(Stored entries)
● ● ● ●

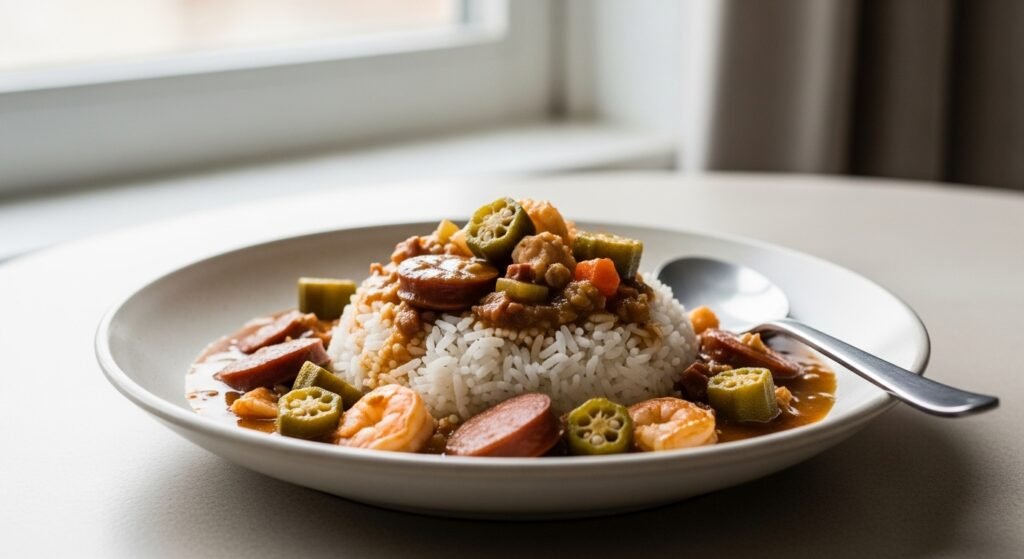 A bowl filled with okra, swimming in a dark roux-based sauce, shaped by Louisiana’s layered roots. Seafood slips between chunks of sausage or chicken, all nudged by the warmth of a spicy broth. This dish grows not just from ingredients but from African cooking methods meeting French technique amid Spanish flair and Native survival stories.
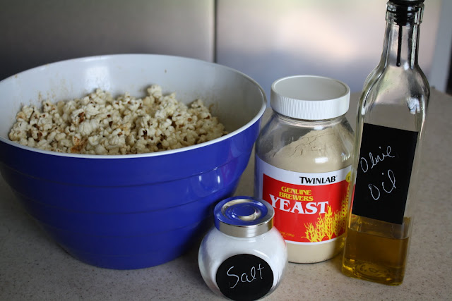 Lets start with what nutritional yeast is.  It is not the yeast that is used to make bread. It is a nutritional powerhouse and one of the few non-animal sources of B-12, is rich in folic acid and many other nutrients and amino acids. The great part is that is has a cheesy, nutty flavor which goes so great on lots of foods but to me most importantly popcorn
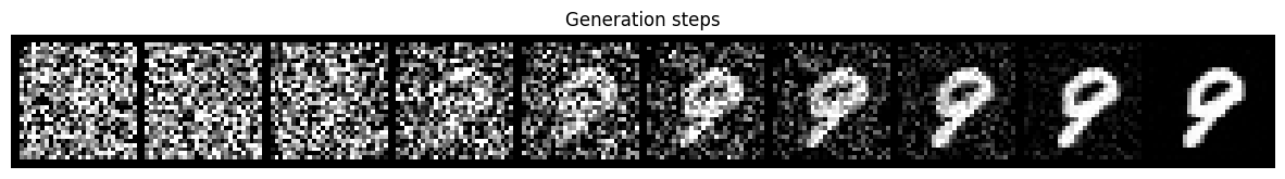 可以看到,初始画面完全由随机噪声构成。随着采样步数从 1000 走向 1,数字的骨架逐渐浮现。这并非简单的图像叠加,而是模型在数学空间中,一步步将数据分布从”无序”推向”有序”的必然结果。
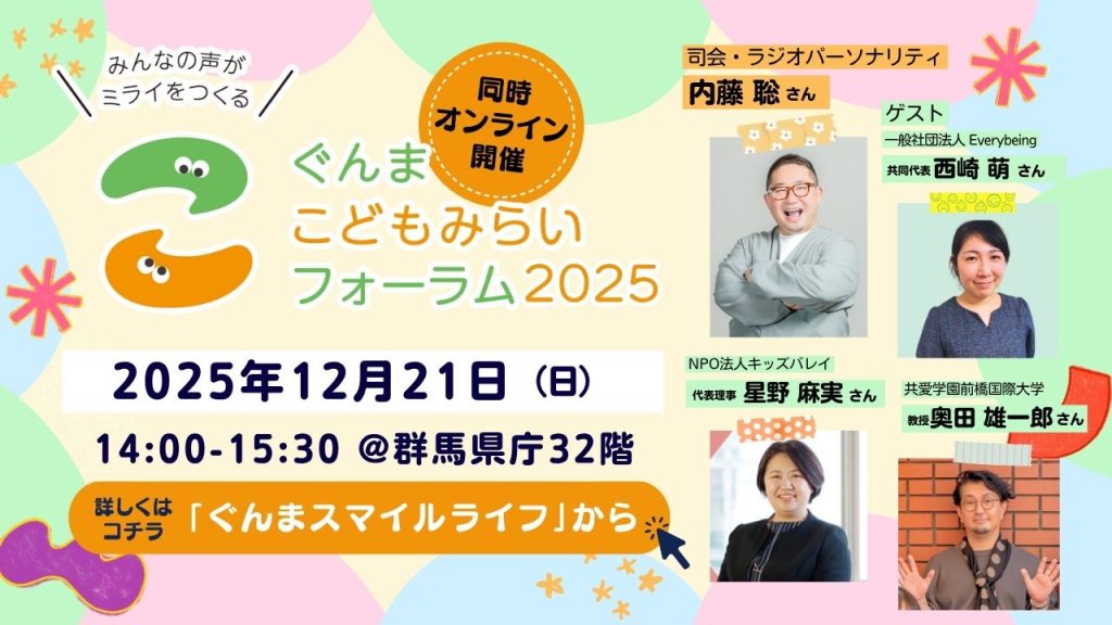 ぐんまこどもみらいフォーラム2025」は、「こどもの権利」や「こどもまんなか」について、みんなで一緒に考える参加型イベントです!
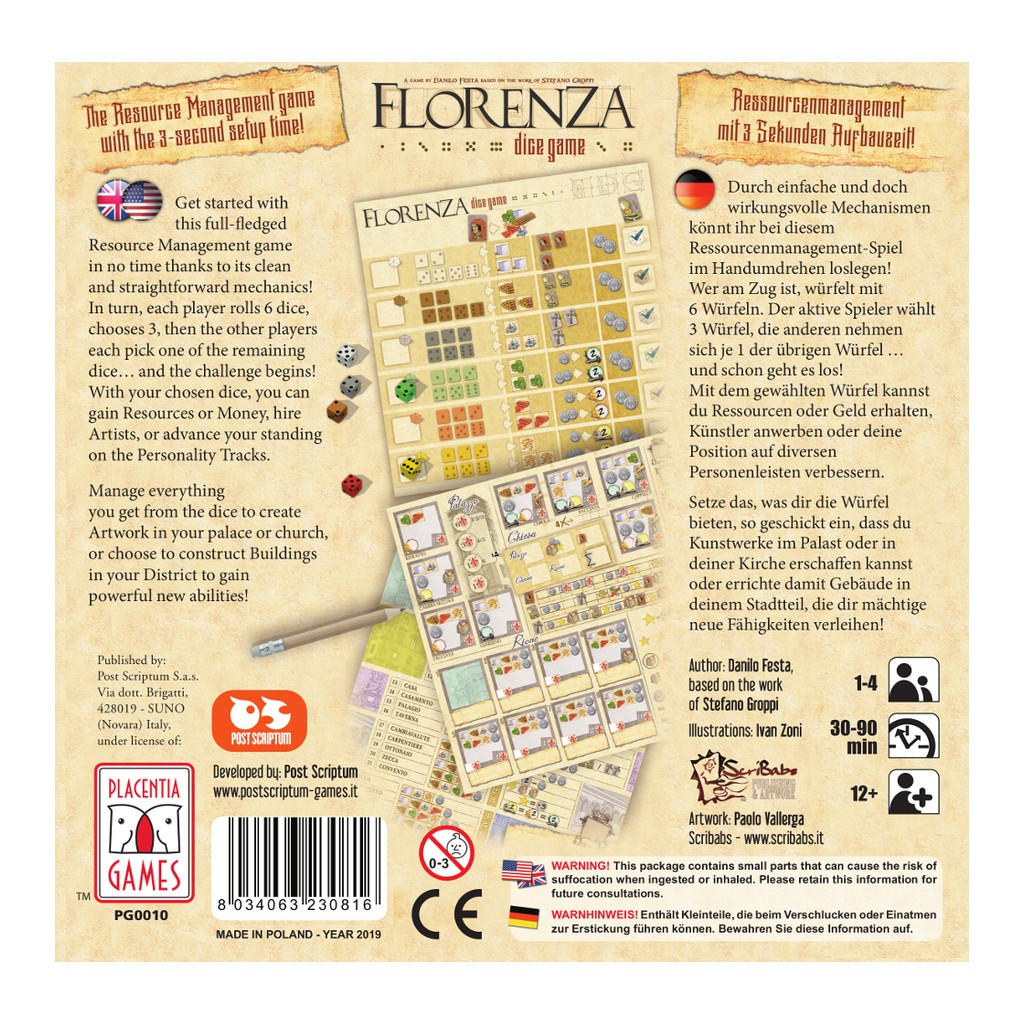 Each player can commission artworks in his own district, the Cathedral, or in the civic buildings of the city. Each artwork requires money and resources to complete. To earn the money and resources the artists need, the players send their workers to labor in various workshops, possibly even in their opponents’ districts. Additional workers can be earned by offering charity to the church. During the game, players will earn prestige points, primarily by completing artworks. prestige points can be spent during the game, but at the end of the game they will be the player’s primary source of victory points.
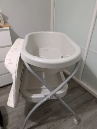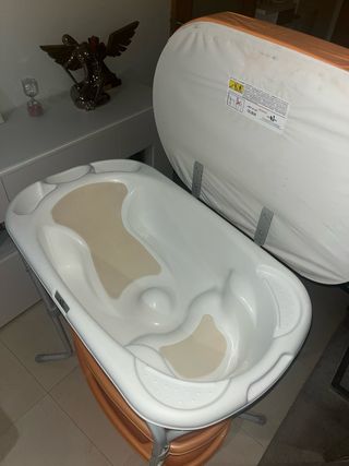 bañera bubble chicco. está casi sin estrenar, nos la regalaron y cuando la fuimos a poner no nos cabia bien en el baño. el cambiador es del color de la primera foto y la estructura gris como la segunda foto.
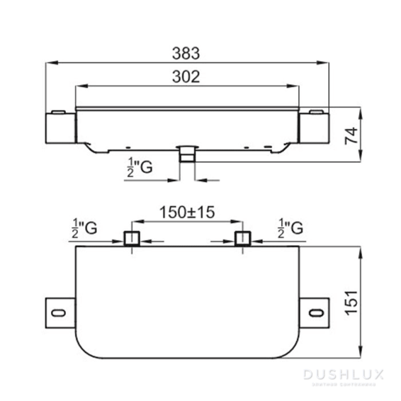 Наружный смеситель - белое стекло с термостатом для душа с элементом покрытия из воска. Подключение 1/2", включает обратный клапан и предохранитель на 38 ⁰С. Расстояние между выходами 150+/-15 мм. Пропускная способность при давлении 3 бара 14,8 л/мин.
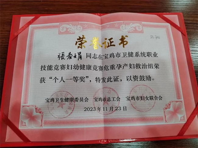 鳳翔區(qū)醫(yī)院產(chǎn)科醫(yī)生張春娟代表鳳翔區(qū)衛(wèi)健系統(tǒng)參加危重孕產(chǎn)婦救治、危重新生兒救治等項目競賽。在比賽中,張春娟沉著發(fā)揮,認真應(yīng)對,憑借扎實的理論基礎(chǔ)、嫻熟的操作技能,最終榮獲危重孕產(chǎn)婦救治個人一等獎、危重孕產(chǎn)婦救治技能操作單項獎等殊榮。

● ● ● ●

ASSIGNMENT:
Please repeat the data above exactly as it appears, pictures excluded.

EXPECTED OUTPUT:
 A bowl filled with okra, swimming in a dark roux-based sauce, shaped by Louisiana’s layered roots. Seafood slips between chunks of sausage or chicken, all nudged by the warmth of a spicy broth. This dish grows not just from ingredients but from African cooking methods meeting French technique amid Spanish flair and Native survival stories.
 Lets start with what nutritional yeast is.  It is not the yeast that is used to make bread. It is a nutritional powerhouse and one of the few non-animal sources of B-12, is rich in folic acid and many other nutrients and amino acids. The great part is that is has a cheesy, nutty flavor which goes so great on lots of foods but to me most importantly popcorn
 可以看到,初始画面完全由随机噪声构成。随着采样步数从 1000 走向 1,数字的骨架逐渐浮现。这并非简单的图像叠加,而是模型在数学空间中,一步步将数据分布从”无序”推向”有序”的必然结果。
 ぐんまこどもみらいフォーラム2025」は、「こどもの権利」や「こどもまんなか」について、みんなで一緒に考える参加型イベントです!
 Each player can commission artworks in his own district, the Cathedral, or in the civic buildings of the city. Each artwork requires money and resources to complete. To earn the money and resources the artists need, the players send their workers to labor in various workshops, possibly even in their opponents’ districts. Additional workers can be earned by offering charity to the church. During the game, players will earn prestige points, primarily by completing artworks. prestige points can be spent during the game, but at the end of the game they will be the player’s primary source of victory points.
 bañera bubble chicco. está casi sin estrenar, nos la regalaron y cuando la fuimos a poner no nos cabia bien en el baño. el cambiador es del color de la primera foto y la estructura gris como la segunda foto.
 Наружный смеситель - белое стекло с термостатом для душа с элементом покрытия из воска. Подключение 1/2", включает обратный клапан и предохранитель на 38 ⁰С. Расстояние между выходами 150+/-15 мм. Пропускная способность при давлении 3 бара 14,8 л/мин.
 鳳翔區(qū)醫(yī)院產(chǎn)科醫(yī)生張春娟代表鳳翔區(qū)衛(wèi)健系統(tǒng)參加危重孕產(chǎn)婦救治、危重新生兒救治等項目競賽。在比賽中,張春娟沉著發(fā)揮,認真應(yīng)對,憑借扎實的理論基礎(chǔ)、嫻熟的操作技能,最終榮獲危重孕產(chǎn)婦救治個人一等獎、危重孕產(chǎn)婦救治技能操作單項獎等殊榮。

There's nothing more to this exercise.